Women still lag behind men in educational attainment. The report shows that women are more likely to be in the health care field and less likely to be in fields like engineering. And women are likely to be paid less than men with similar educational achievements and job duties. I thought it was especially interesting that this HRSA data showed that non-Hispanic, American Indian women are the most likely to live in a rural setting. That is not a surprise especially if most of this demographic is still living on Native reservations. Women veterans are more likely to live in poverty than their male counterparts. Men lead women in illicit drug use. Non-Hispanic White and non-Hispanic mixed lead in illicit drug use when the data is disaggregated by race. Females still lead in Life-Expectancy by a 5% lead over males. Hispanic females live the longest.

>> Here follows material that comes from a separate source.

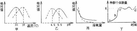 5.某种生产香料添加剂的发酵工程细菌,其生长速率、代谢产物的产量与培养液中的温度pH、溶氧量等关系如下图甲、乙、丙三条曲线所示(其中实线表示生长速率,虚线表示产物产量),丁曲线表示某种生物种群数量随时间变化曲线。据图分析下列有关叙述正确的是
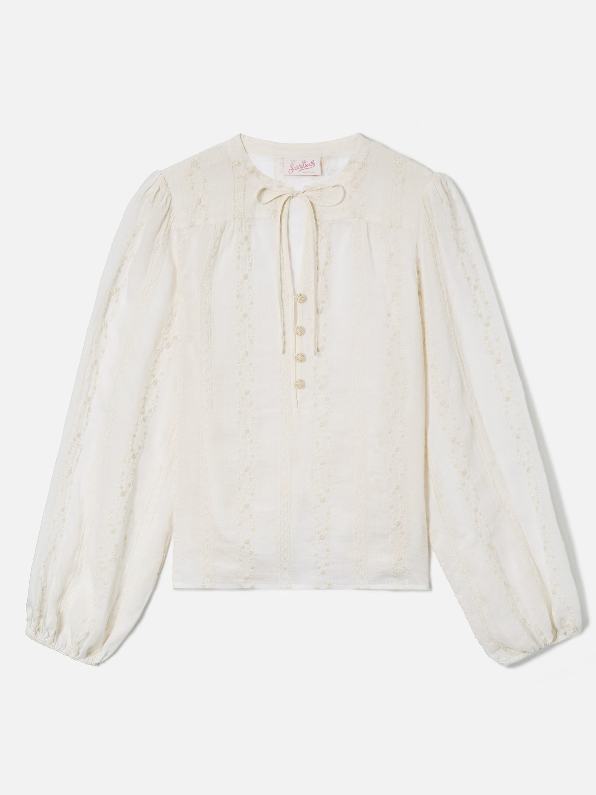 https://it.mc2saintbarth.com/de/products/beige-ramie-harper-blouse-with-embroidered-motif10781306454362Blusa Harper in ramie beige con motivo ricamato169,00https:files/UID_HRP00100218L-WOMAN-SHIRT-WHITE-MC2-MC2_2.jpghttps:files/UID_HRP00100218L-WOMAN-SHIRT-WHITE-MC2-MC2_2.jpgEUROutOfStockSHIRT650948313434Alle Produkte – nur für Frauen649134276954AVADA - Bestseller623513403738Damen Sets672324419930New In - Woman647269351770Tops - Damen654980481370Upselling_DamenhemdenLa blusa Harper è realizzata in ramie, un tessuto leggero e traspirante pensato per offrire comfort e freschezza. Il design beige con motivo ricamato tono su tono a righe verticali definisce il capo con un’estetica delicata e raffinata. Il modello presenta collo alla coreana e scollo a V con laccetto che valorizzano la linea con naturalezza. Il capo è completato da maniche lunghe con polsi elasticizzati che definiscono la struttura del modello. La linea relaxed garantisce una vestibilità comoda e naturale.

The report from HRSA on Women’s Health is extensive. The graphs are easy to read. The interpretation is well-written, and I think it's important information for us to know as we set priorities in programming in Extension. Health is one of the Five Grand Challenges. We need healthy women to build healthy communities. Women are an important part of the equation of developing of tomorrow’s leaders. A healthy community is one strong in vitality. We need healthy women for that. Optimal health depends on a safe and secure Global Food System. Abundant water to grow food is important in both rural and urban communities. It is all in the report, Women’s Health USA, 2013.